A public key cryptosystem uses certain non-invertible mathematical functions. The complexity of computing such functions is not linear with the number of bits of the key, but increases faster than the key. Thus, the key size must be large enough to make a brute force attack impractical, but small enough to allow practical encryption. In practice, the key size is made such that a brute force attack is impractical, but the resulting encryption speed is slow enough for the algorithm to be used for general purposes. Therefore, public key encryption is currently mainly limited to key management and signing applications that require encryption of a small block of data.

Another form of attack is to find a way to calculate the private key by knowing the public key. It is impossible to prove mathematically that this form attacks are excluded for a specific public key algorithm. So any algorithm, including the widely used RSA algorithm, is suspect.

Finally, there is a form of attack specific to the way public key systems are used. This is a probable message attack. For example, suppose that the message being sent consists solely of a 56-bit session key for a symmetric encryption algorithm. An adversary can encrypt all possible keys using the public key, and can decrypt any message matching the ciphertext transmitted. Thus, regardless of the key size of the public key scheme, the attack amounts to a brute force attack on the 56-bit symmetric key. The defense against such an attack is to add a certain number of random bits to simple messages.

Basic Uses of Public Key Algorithms

The main uses of public key algorithms are encryption/decryption, signature creation and verification, and key exchange.

Encryption with a public key consists of the following steps:

Rice. 7.1.

1. User B creates a pair of keys KU b and KR b used to encrypt and decrypt transmitted messages.
2. User B makes his encryption key available in some reliable way, i.e. public key KU b . The paired private key KR b is kept secret.
3. If A wants to send a message to B, he encrypts the message using B's public key KU b.
4. When B receives the message, he decrypts it using his private key KR b. No one else will be able to decrypt the message, since only B knows this private key.

If the user ( end system) securely stores your private key, no one will be able to spy on transmitted messages.

Creating and verifying a signature consists of the following steps:

1. User A creates a pair of keys KR A and KU A, which are used to create and verify the signature of transmitted messages.
2. User A makes his verification key available in some reliable way, i.e.

The protection of secrets can be based on the principle of access to secrets only to initiated persons, implying that the uninitiated do not have physical access To her. In another case, the protection of secrets can be based on the principle of possible access by unauthorized persons, but with an understanding of the meaning of the secret only by authorized persons. Historically, the second method has become more widespread than the first, which is more expensive and sometimes simply impossible. With the advent of writing, it became widespread, and became almost universal: secret cards, encrypted writing. Available to everyone, but understandable only to initiates. Today it is the main method of hiding secrets for storing and transmitting information.

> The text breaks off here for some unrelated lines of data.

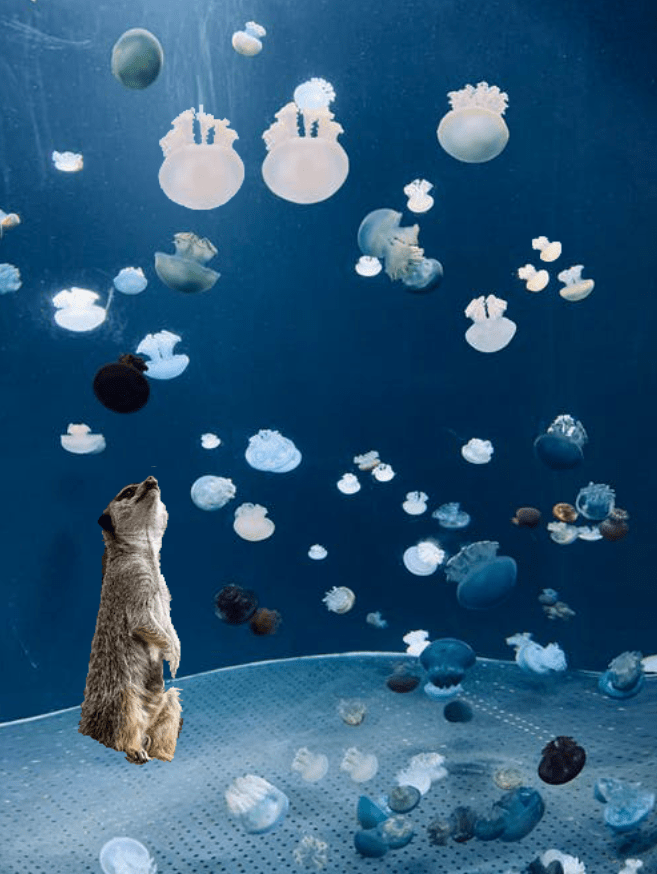 Ik ga nu het stokstaartje naar de kwallen verplaatsen. Dat moet je doen door het stokstaartje, de laag te selecteren en te verplaatsen naar de kwallen.
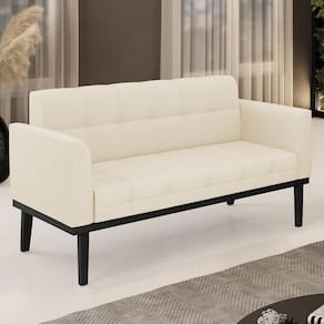 Querida por muitos pela beleza e conforto que proporciona, sua versatilidade dá a liberdade de poder usar na sua Sala De Estar, recepção e onde mais desejar! Você vai adorar o Sofá Namoradeira Base Madeira Preto Ana Linho Bege, da Ibiza!
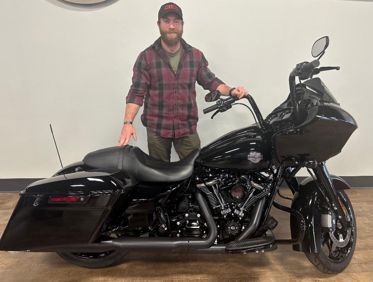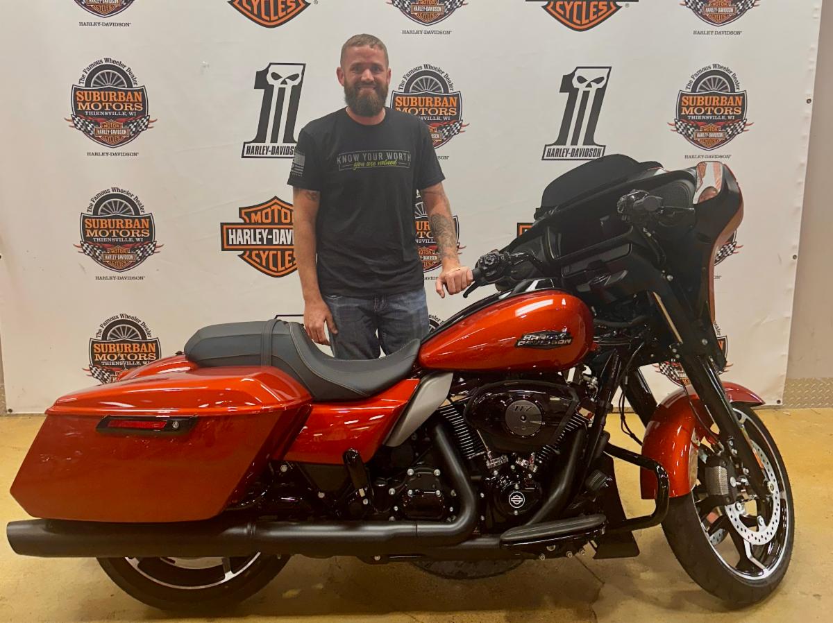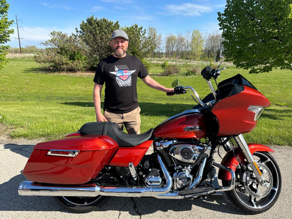 Having been bullied through school, Andy turned his pain into strength by joining the Marines. He excelled through boot camp and bought his first motorcycle to celebrate; then learned how to ride and how to use it to cope. In 2012, the Harrier Jet mechanic was recognized for his advanced capabilities and selected as a QRF Team Leader headed to Afghanistan. In 2013 he found himself moving through deadly villages and embedded terrain in search of weapon caches and terrorist activity; and every step of the way he pushed his fear and anxiety deep within. Andy returned home and to avoid thinking about what he’d been through, he continued his pattern of chasing achievements rather than addressing his brewing struggles. He set his sights on MARSOC, the Corps’ component for the U.S. Special Operations Command. Having been selected for the training opportunity, he rode his bike cross-country for the chance to make the cut. In his fourth month an injury crushed his dream and, four surgeries later, his plan to stay in the Marines. Depressed and directionally lost, he turned to drinking, isolated himself and moved from job to job. Riding was key to his identity and lifestyle; but when he took a job on an oil rig, Andy sold his bike believing he’d simply get another when he was done. Instead, he found love; and after marrying and starting a family, getting another bike wasn’t in their family plan. But because riding was still firmly planted in his heart and mind, Andy would borrow or rent the occasional bike to sort through the demons that still threatened his life. Hogs For Heroes felt that Andy’s ongoing healing would benefit from regaining wind therapy and we selected him to be our first Recipient of 2025. He found this beautiful 2023 Road Glide Special at Appleton Harley-Davidson and received his keys on April 26, 2025.
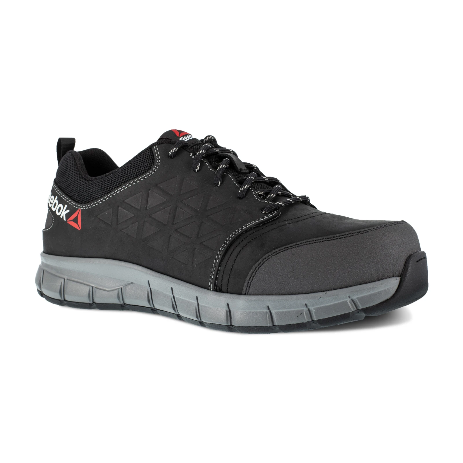 BLA SIZE 7 REEBOK MEN EXCEL LIGHT S3 SAFE TRNR · · · Puncture Resistant Midsole · · EN2034 S3 Aluminium Toe · · Anti-Static · · Water Resistant · · Non-metallic · · Puncture resistant and composite fabric plate is lighter and more flexible than a steel plate while providing maximum protection with 100% foot surface coverage

Encrypted message hides the meaning of the original (open) message. Thus, the process of encryption is the process of hiding the meaning of the original message in the original alphabet. The encrypted message becomes unreadable. And only dedicated people who know some secret can decrypt the encrypted message. In the future, we will combine the processes of encryption and decryption with one word “encryption” or discuss these processes separately. The science called cryptography deals with the construction of encryption systems.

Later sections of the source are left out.